Hear it on songs like “Modern Epics,” which starts slowly, promising a reprieve from the chaos that was “The Process of Thought.” At the beginning of the song, Stoia chants, almost monk-like, before joining the maelstrom created by Rick Emerson’s distorted guitar with a flurry of scatological shouts.
Or how about on the no-holds-barred “Face the Facts,” where Stoia wails pitifully over Evan Feunier’s thumping bass and abruptly shifts to look-at-me, cocksure confidence for the final verse. It’s that essence of up and down, the incongruity behind it all,
that should have made Fever Dream a seminal band for its era, and should have catapulted Sweating the Night Away to the top of every dance-rock list in 1991.
Kraftwerk is probably the clearest influence on Fever Dream, but don’t overlook the importance of Miami musician Esteban Torranza. Torranza famously nurtured dozens of artists throughout South Florida in the late ‘80s and early ‘90s—he’s often credited as the first person to splice Afro-Cuban and punk, creating what was then known as Latin Thrance (a mix of thrash and dance). Torranza, acting as Fever Dream’s de facto manager, is the only who likely curtailed the band’s uglier instincts (see the surprisingly saccharine “Don’t Forget Me” on Sleep When We’re Dead or the woe-is-me teenage complaints of “Somebody Listen” on Helium.
Torranza, perhaps sensing that Stoia’s onstage persona might be a little much for a wider audience, worked to keep the kitsch to a minimum. This led to a conflict with Stoia, who was growing increasingly monomaniacal (as well as beginning to experiment with heavier drugs). To cap the album, Torranza suggested the band do something they hadn’t yet done.

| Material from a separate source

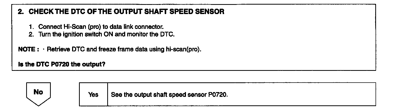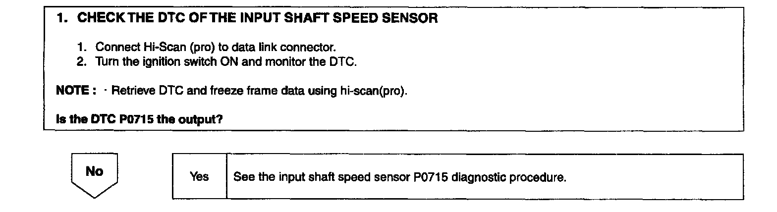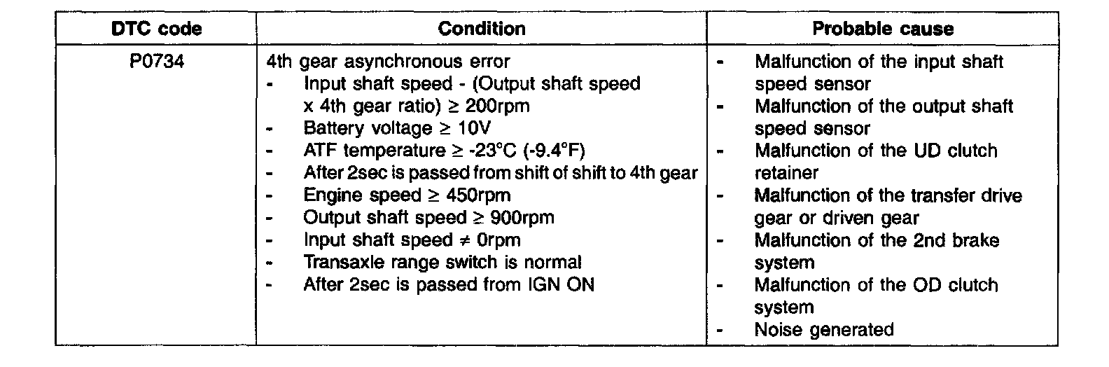 If the value resulting from driving the input shaft rotation speed output by the 4th gear ratio does not match the output shaft rotation speed output after 4th gear is engaged, DTC P0734 is output.

And it’s that song, “Don’t Stop Dancing,” that gives a glimpse of what the band really could have been if they hadn't broken up during Desert Storm in 1991. It is the album’s lone track that doesn’t feature Stoia singing—that honor goes to his then-girlfriend, Vanessa Trask. (Fans of the South Florida club scene might know Trask better by her later career as the regaetton DJ Venus Flytrask.) It’s the first and only song Fever Dream recorded that they really let breathe. So much of the band’s work is remembered for its bust-the-door-down rambunctiousness, its flood-the-dance-floor euphoria. But “Don’t Stop Dancing” builds and builds and, at the very peak of an outlet, tiptoes back to stasis, before finally crescendoing in a near-orgasmic climax. And Trask drives it all, her haunted voice adding depth to what was previously an exercise in superficiality. It’s the type of song that bands seem to make almost by accident, maybe through osmosis. "Don't Stop Dancing" leaves you both happy and sad—happy to experience something so beautiful and moving, sad that the band would never record again, choosing to stop dancing instead of chasing those epic emotional peaks.